Poster
in
Workshop: Machine Learning in Structural Biology Workshop
A framework for conditional diffusion modelling with applications in protein design
Kieran Didi · Francisco Vargas · Simon Mathis · Vincent Dutordoir · Emile Mathieu · Urszula Julia Komorowska · Pietro LiĆ³
Many protein design applications, such as binder or enzyme design, require scaffolding a structural motif with high precision. Generative modelling paradigms based on denoising diffusion processes emerged as a leading candidate to address this motif scaffolding problem and have shown early experimental success in some cases.
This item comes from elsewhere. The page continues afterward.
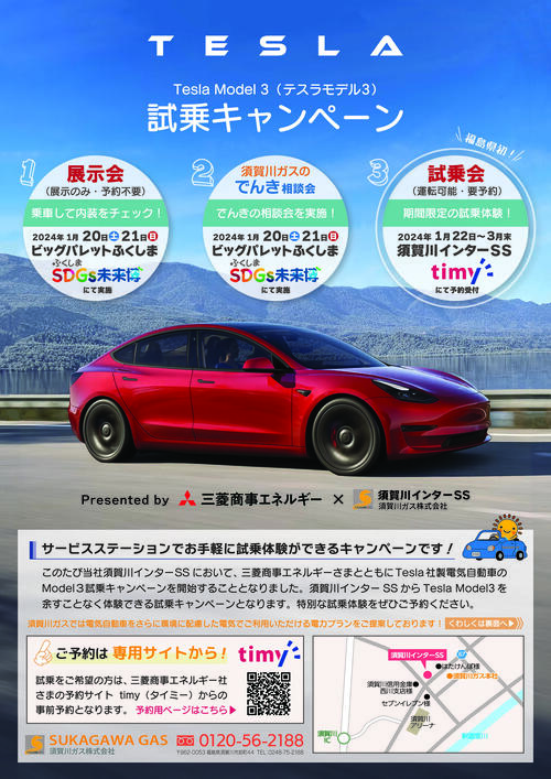 この度須賀川ガスは、三菱商事エネルギー様テスラ社様とともに、福島県初のテスラ社電気自動車ーmodel3ー試乗キャンペーンを実施致します。

In the diffusion paradigm, motif scaffolding is treated as a conditional generation task, and several conditional generation protocols were proposed or imported from the Computer Vision literature.However, most of these protocols are motivated heuristically, e.g. via analogies to Langevin dynamics, and lack a unifying framework, obscuring connections between the different approaches.In this work, we unify conditional training and conditional sampling procedures under one common framework based on the mathematically well-understood Doob's h-transform. This new perspective allows us to draw connections between existing methods and propose a new conditional training protocol. We illustrate the effectiveness of this new protocol in both, image outpainting and motif scaffolding and find that it outperforms standard methods.